For the material below, the expected output is exactly the lines between the line holding "The alert comes" and the line holding "Charme ist eine", inclusive, with pictures left out.

### SUPPLIED RECORDS
◆ ◆ ◆
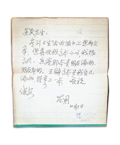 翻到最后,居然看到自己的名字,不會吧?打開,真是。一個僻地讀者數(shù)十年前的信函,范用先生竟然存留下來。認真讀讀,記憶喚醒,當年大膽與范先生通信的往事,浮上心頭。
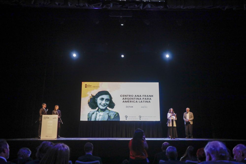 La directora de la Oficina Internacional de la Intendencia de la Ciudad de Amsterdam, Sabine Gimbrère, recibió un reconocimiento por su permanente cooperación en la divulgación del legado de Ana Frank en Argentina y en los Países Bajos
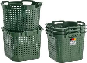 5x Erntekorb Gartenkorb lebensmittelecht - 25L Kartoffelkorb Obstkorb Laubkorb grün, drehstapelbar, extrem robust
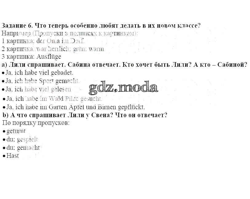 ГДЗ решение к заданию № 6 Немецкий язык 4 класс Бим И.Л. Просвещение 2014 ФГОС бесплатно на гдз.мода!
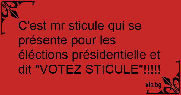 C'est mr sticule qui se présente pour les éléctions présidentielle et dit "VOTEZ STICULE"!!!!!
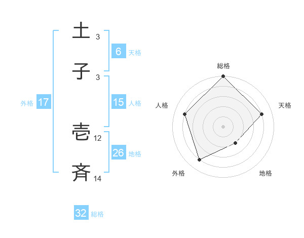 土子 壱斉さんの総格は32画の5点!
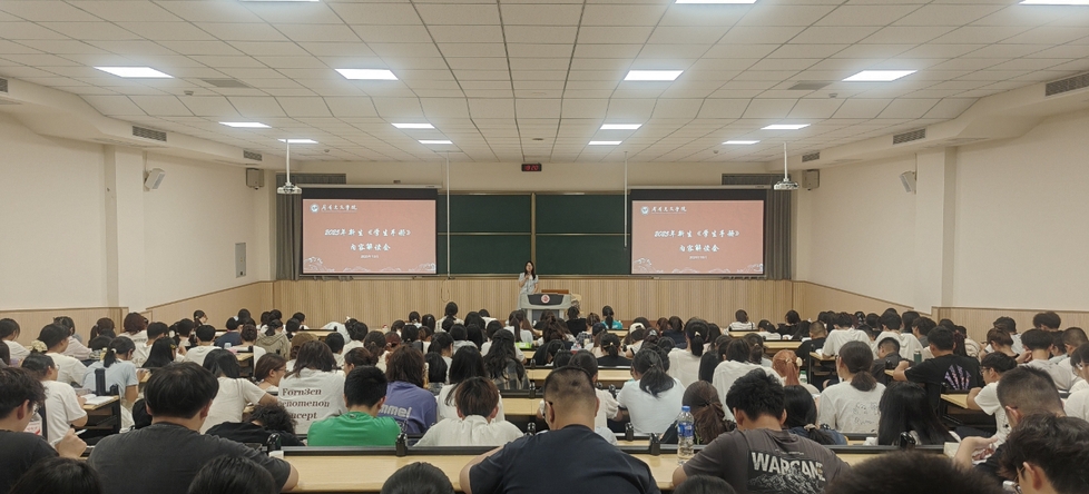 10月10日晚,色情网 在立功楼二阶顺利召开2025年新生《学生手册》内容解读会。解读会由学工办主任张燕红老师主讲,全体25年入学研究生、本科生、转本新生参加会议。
◆ ◆ ◆
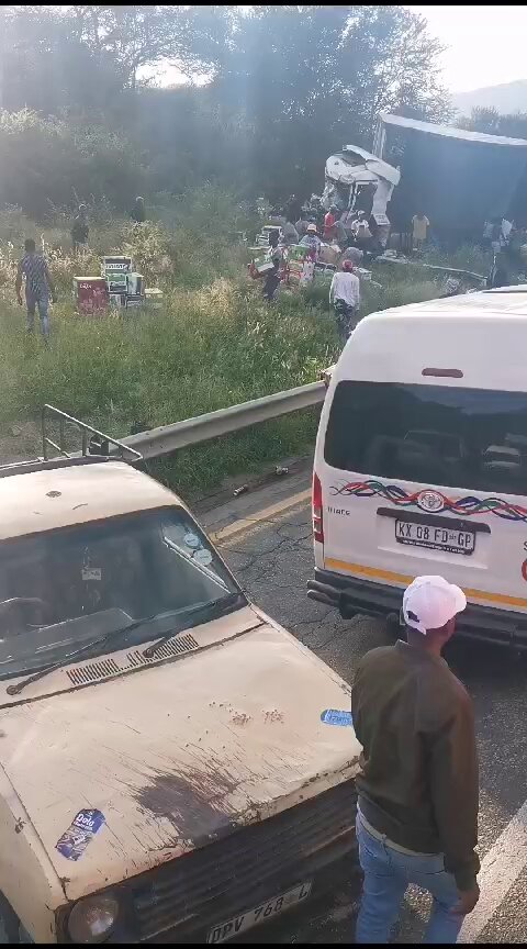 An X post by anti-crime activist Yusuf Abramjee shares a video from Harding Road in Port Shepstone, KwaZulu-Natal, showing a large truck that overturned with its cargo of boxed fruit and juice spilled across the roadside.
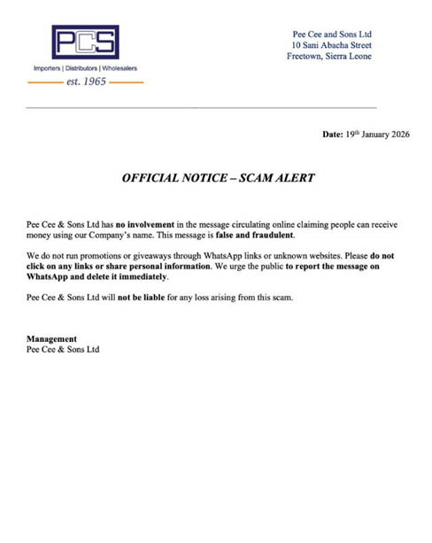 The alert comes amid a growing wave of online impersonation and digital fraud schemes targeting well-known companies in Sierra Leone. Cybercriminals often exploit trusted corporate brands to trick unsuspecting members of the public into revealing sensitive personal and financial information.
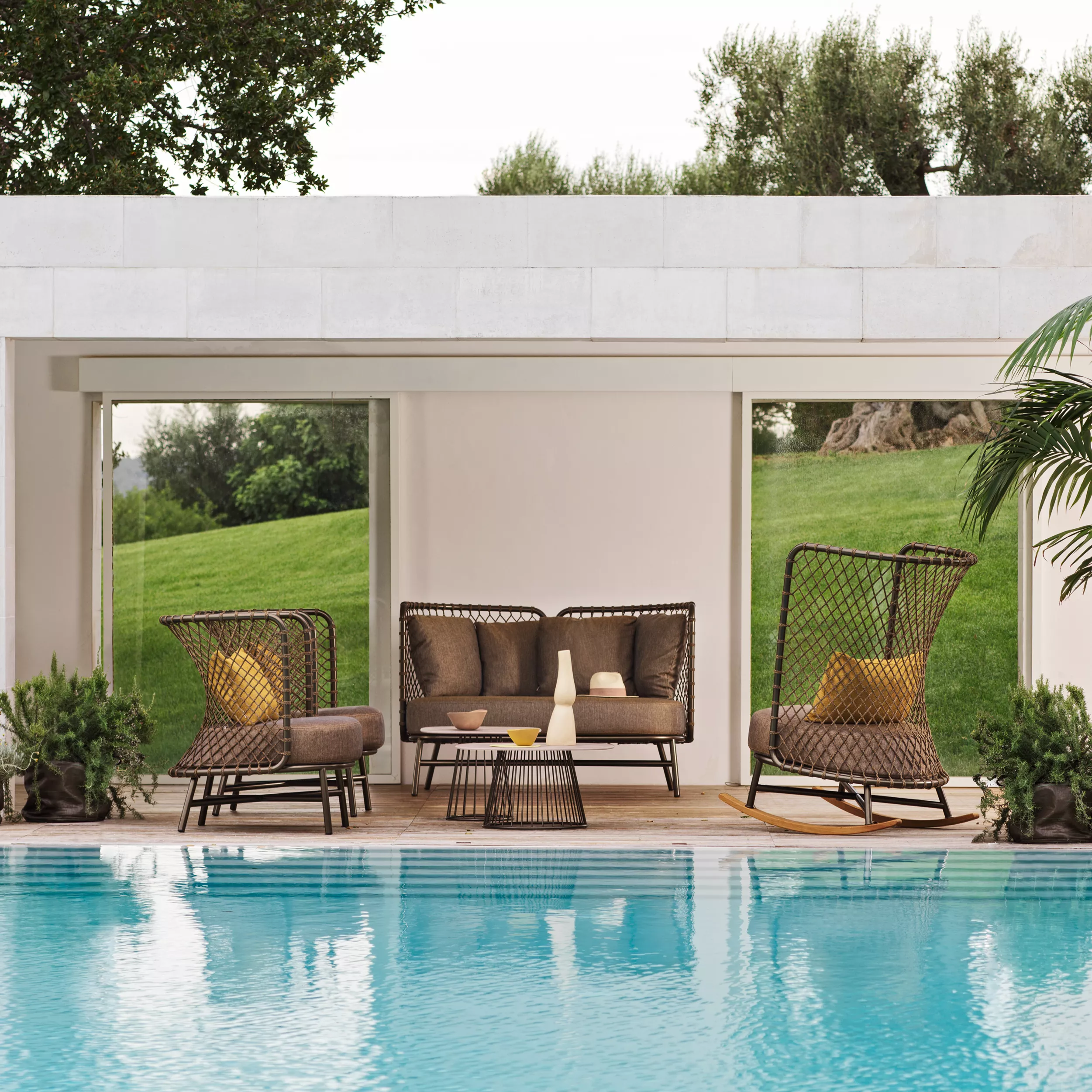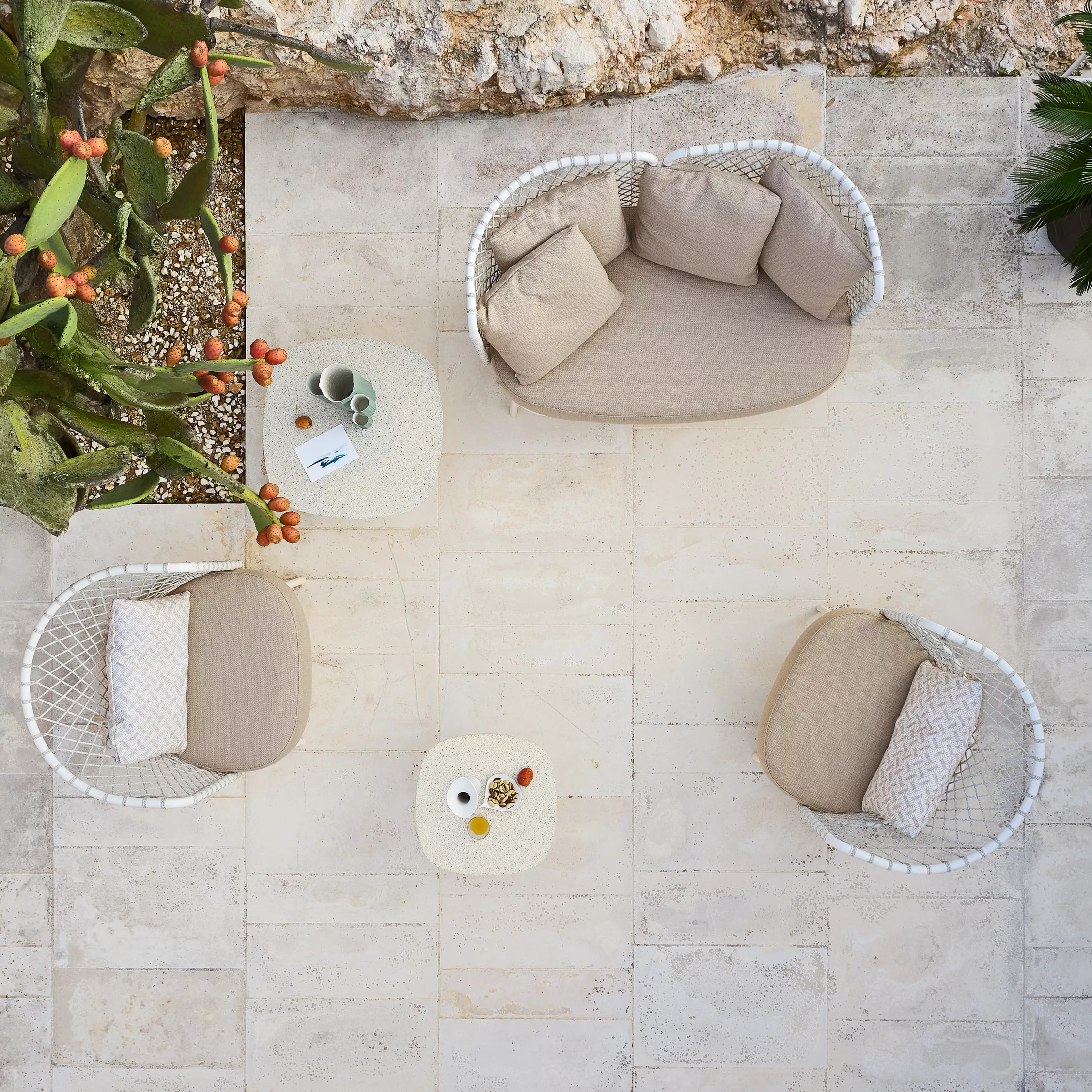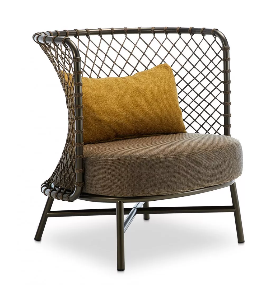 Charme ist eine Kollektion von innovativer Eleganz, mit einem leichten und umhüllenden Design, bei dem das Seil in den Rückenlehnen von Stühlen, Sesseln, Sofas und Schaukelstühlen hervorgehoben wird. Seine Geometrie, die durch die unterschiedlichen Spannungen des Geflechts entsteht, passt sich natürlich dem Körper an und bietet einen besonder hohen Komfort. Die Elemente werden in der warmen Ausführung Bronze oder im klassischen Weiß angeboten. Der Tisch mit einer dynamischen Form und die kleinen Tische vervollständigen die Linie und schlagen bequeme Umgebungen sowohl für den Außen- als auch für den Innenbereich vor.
◆ ◆ ◆
### FINISHED EXERCISE
 The alert comes amid a growing wave of online impersonation and digital fraud schemes targeting well-known companies in Sierra Leone. Cybercriminals often exploit trusted corporate brands to trick unsuspecting members of the public into revealing sensitive personal and financial information.
 Charme ist eine Kollektion von innovativer Eleganz, mit einem leichten und umhüllenden Design, bei dem das Seil in den Rückenlehnen von Stühlen, Sesseln, Sofas und Schaukelstühlen hervorgehoben wird. Seine Geometrie, die durch die unterschiedlichen Spannungen des Geflechts entsteht, passt sich natürlich dem Körper an und bietet einen besonder hohen Komfort. Die Elemente werden in der warmen Ausführung Bronze oder im klassischen Weiß angeboten. Der Tisch mit einer dynamischen Form und die kleinen Tische vervollständigen die Linie und schlagen bequeme Umgebungen sowohl für den Außen- als auch für den Innenbereich vor.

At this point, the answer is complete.